The book is clearly very unfinished still, but what exists is very good. Got my mind spinning on what a good statically typed language running on a VM could look like.
I have no experience with OTP but have read some books and did toy projects.
They do not. Supervisor trees are a way to manage failures at the level of one node.
> How would I tell the cluster that there should be N processes running, each on a different node?
It's not something that is builtin in OTP. There are libraries that solve it, like libcluster.
> And is there anything in OTP that would help me elect a leader or do I still have to implement that myself?
Not directly in OTP but there are libraries, for example for raft.
Ok so why is Erlang/Elixir/OTP good then? Well first it makes a single running application more robust to failures thanks to its supervision trees but it also allow to build distributed applications more easily. GenServers allow to build robust services very easily with common patterns. Local calls or remote calls to GenServers are the same, allowing to scale services. Message passing and pattern matching is part of the core of the language (no need for protobuf for example). Observability and introspection is excellent when a problem arise (inspecting processes, their memory, their message queues, the schedulers etc). Immutable datastructures and processes that do not share memory also make it easier to scale horizontally, at a cluster level. And probably lot of other good things I forgot :-).
What you say makes sense. I can see the benefit in message passing as a first class citizen so it allows extraction of some processes to a different node. But you still have to manage the process placements.

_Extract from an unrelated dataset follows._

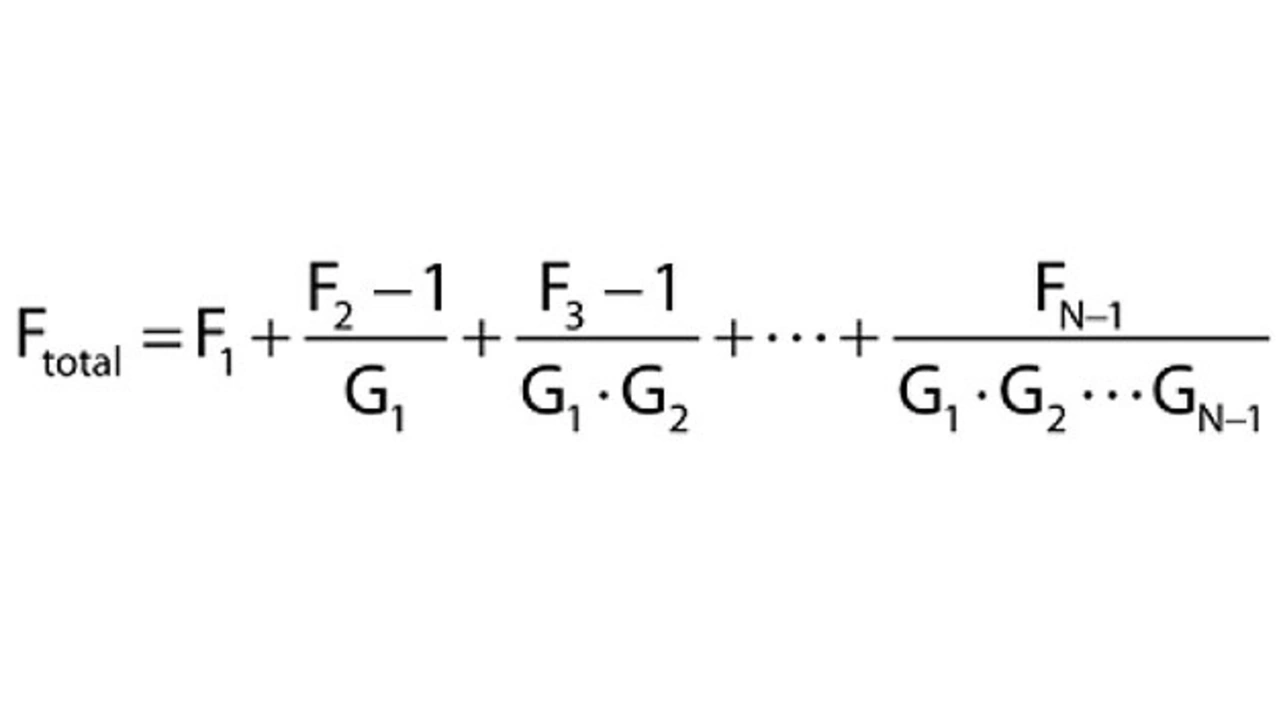 Der Rauschfaktor der ersten Stufe F1 bestimmt die minimale Rauschzahl für den Gesamtempfänger (Friis Formel):

There is https://github.com/rabbitmq/ra which is a Raft implementation in Erlang that is Jepsen-tested. You could use it to build "etcd in Erlang", or https://github.com/rabbitmq/khepri which is built on top of Ra.

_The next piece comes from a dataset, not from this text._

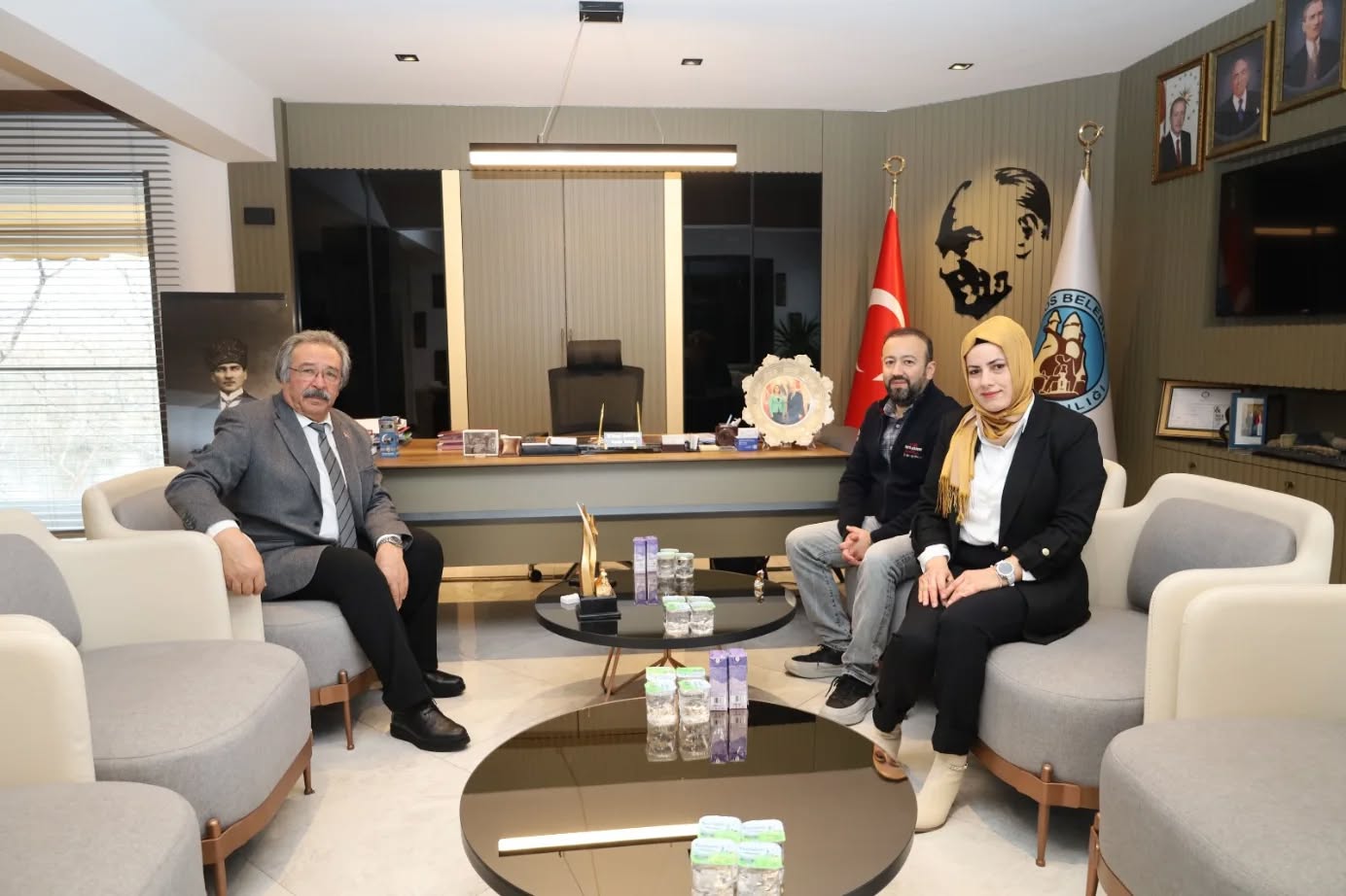 Geleneksel Türk dokuma sanatının zarif örneklerinden biri olan ipek halı sanatını 28 yıldır büyük bir ustalıkla sürdüren Ayşe Üvez, eşi Mehmet Üvez ile birlikte Avanos Belediye Başkanı Mustafa Kenan Sarıtaş’ı makamında ziyaret etti.

global:register/3 may be helpful. I haven't used it, so no direct experience. I think you would need to provide the resolution function for when a cluster merges and the name is registered on both partitions, and the logic to register a potential leader if there is none.
From experience with other parts of global, you'll want to be careful and test what happens on your system if a thousand nodes across several locations all try to join/register at once. Especially if one or several of those nodes are running really slow because of hardware issues.
I think some of this might be covered in distributed OTP applications with takeover[1], but where I worked with Erlang, we certainly weren't applying OTP applications as the OTP team intended, I think as a result of most of the team, including all of early server engineers learning Erlang on the job.
[1] https://learnyousomeerlang.com/distributed-otp-applications
and an attempt to correct it by Hans Svensson: https://erlang.org/workshop/2005/NewLeaderElection.pdf
This project attempts to modernize it: https://github.com/lehoff/gen_leader
But from what I can tell, theres no standardized solution. There are quite a few libraries I can see out there, however.